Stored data

[Start of Attachment]

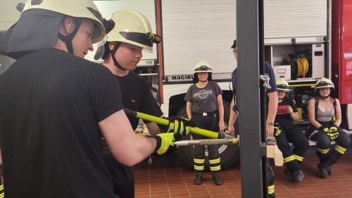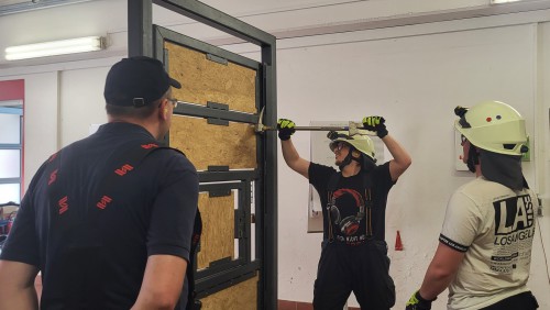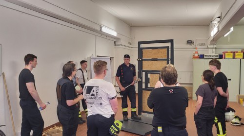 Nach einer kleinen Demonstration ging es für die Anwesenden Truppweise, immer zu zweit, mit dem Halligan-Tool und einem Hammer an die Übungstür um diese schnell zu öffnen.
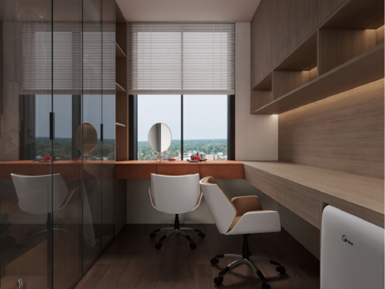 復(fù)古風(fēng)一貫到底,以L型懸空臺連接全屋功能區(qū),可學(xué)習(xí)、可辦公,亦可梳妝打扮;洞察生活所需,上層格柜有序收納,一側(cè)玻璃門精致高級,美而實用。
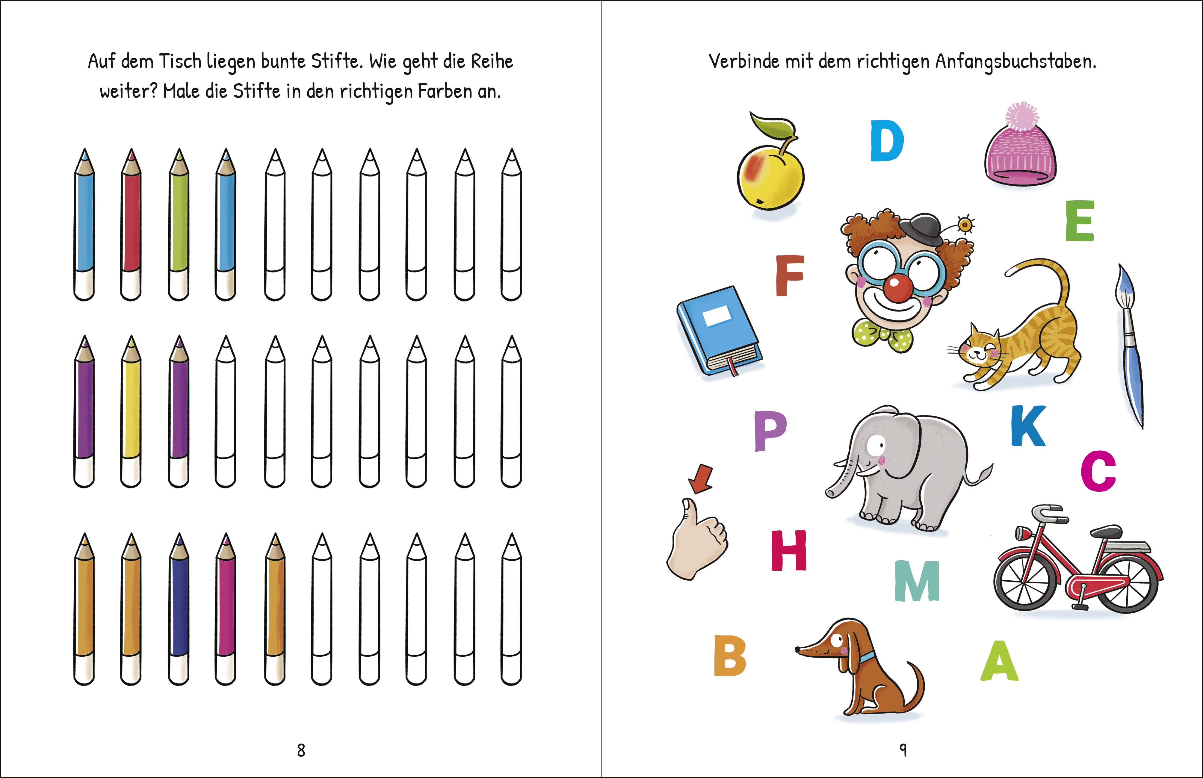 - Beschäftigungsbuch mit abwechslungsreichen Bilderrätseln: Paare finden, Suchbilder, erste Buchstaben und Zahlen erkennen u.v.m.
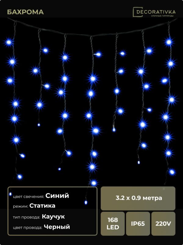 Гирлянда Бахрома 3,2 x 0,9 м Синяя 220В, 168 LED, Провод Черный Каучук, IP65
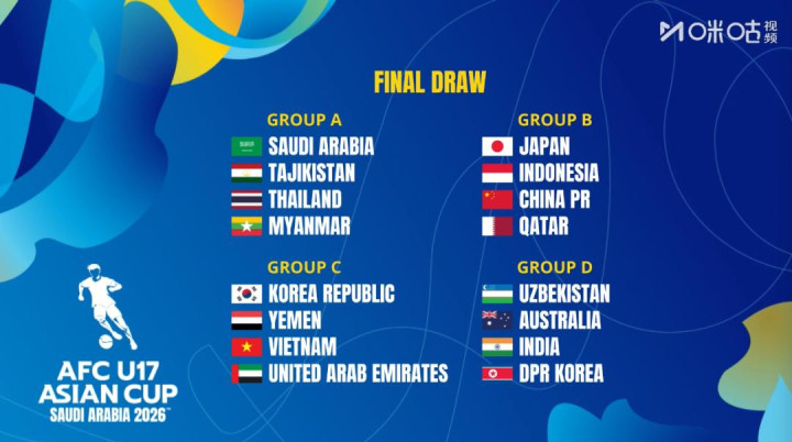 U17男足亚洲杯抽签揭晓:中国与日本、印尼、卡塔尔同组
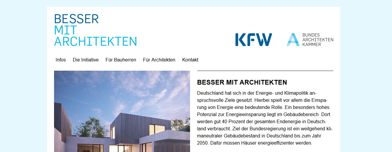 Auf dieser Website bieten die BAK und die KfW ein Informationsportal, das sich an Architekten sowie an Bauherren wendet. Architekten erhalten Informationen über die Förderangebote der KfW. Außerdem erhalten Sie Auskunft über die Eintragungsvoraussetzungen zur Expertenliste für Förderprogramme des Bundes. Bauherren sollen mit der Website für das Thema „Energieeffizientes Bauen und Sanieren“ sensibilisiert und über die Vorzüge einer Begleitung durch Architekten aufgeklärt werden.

[End of Attachment]

**What the exercise asks**
Repeat each entry exactly as given; no pictures belong in the copy.

**Expected answer**
 Nach einer kleinen Demonstration ging es für die Anwesenden Truppweise, immer zu zweit, mit dem Halligan-Tool und einem Hammer an die Übungstür um diese schnell zu öffnen.
 復(fù)古風(fēng)一貫到底,以L型懸空臺連接全屋功能區(qū),可學(xué)習(xí)、可辦公,亦可梳妝打扮;洞察生活所需,上層格柜有序收納,一側(cè)玻璃門精致高級,美而實用。
 - Beschäftigungsbuch mit abwechslungsreichen Bilderrätseln: Paare finden, Suchbilder, erste Buchstaben und Zahlen erkennen u.v.m.
 Гирлянда Бахрома 3,2 x 0,9 м Синяя 220В, 168 LED, Провод Черный Каучук, IP65
 U17男足亚洲杯抽签揭晓:中国与日本、印尼、卡塔尔同组
 Auf dieser Website bieten die BAK und die KfW ein Informationsportal, das sich an Architekten sowie an Bauherren wendet. Architekten erhalten Informationen über die Förderangebote der KfW. Außerdem erhalten Sie Auskunft über die Eintragungsvoraussetzungen zur Expertenliste für Förderprogramme des Bundes. Bauherren sollen mit der Website für das Thema „Energieeffizientes Bauen und Sanieren“ sensibilisiert und über die Vorzüge einer Begleitung durch Architekten aufgeklärt werden.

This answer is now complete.